B: Lentinan (beta-1,3-glucan) was studied on the acute toxicities using both sexes of mice (ICR) and rats (CD) treated intravenously (i.v.) intraperitoneally (i.p.), subcutaneously (s.c.) and orally (Moriyuki and Ichimura 1980). LD50 values in mg/kg body weight were essentially the same regardless of species as well as sexes and estimated as follows: 250-500 (i.v.) greater than 2500 (i.p., s.c., and p.o.). Cyanosis, convulsion and death were observed in both species of animals administered (i.v.) with only higher dosages of lentinan. No remarkable toxic signs being specific from lentinan were observed in any cases of treatment, i.p., s.c., and p.o. Gross findings: enlargement of the spleen (i.v., i.p., s.c.) and coarse nodular surface of the kidney (i.v.) in the both species of animals, erythema of the ears (i.v., i.p., s.c.) in mice, mesenteric petechial haemorrhage of the lung and abdomen (i.v.), enlargement of the mesenteric lymph nodes (i.v.) and oedema of the diaphragm and intestine (i.p.) in rats were observed. In parallel, another sample of lentinan for clinical use prepared by freeze-dried procedure was tested in both sexes of mice and rats treated by i.v. alone, comparing with an original sample mentioned above. So far as the acute toxicities of lentinans concerned, no significant differences between the two preparations were observed.
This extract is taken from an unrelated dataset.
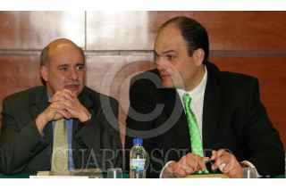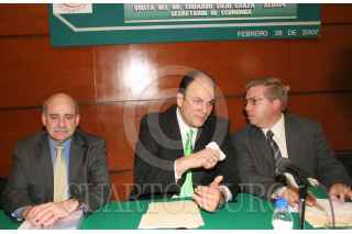 MEXICO, D.F. 28 FEBRERO2007.- Eduardo Sojo, secretario de Economia, Yericó Abramo Masso, presidente de la Comisión especial para conocer las responsabilidades y origen de la tragedia de la mina de carbón Pasta de Conchos y Juan Salvador Munguía durante la reunón de trabajo que sostuvieron. FOTO: NELLY SALAS/CUARTOSCURO.COM

C: Mice, rats and rabbits of both sexes were used for pharmacological an acute toxicological study with antitumor polysaccharide, schizophyllan (Matsuo et al. 1982). The physiologically tolerable maximum doses SPG (schizophyllan) were administered by i.m., s.c., i.p. and i.v. routes, respectively. No dead case was found in any species and any administration route during 14 days after a single administration of up to 2000 mg/kg i.p, 300 mg/kg i.v.; 100 mg/kg i.m., and 2000 mg/kg s.c. Sub-acute toxicology was evaluated after s.c. administration on alternate days for 3 months with doses up to 40 mg/kg. No dead cases were found, no significant alteration on body weight, food consumption of water intake was observed.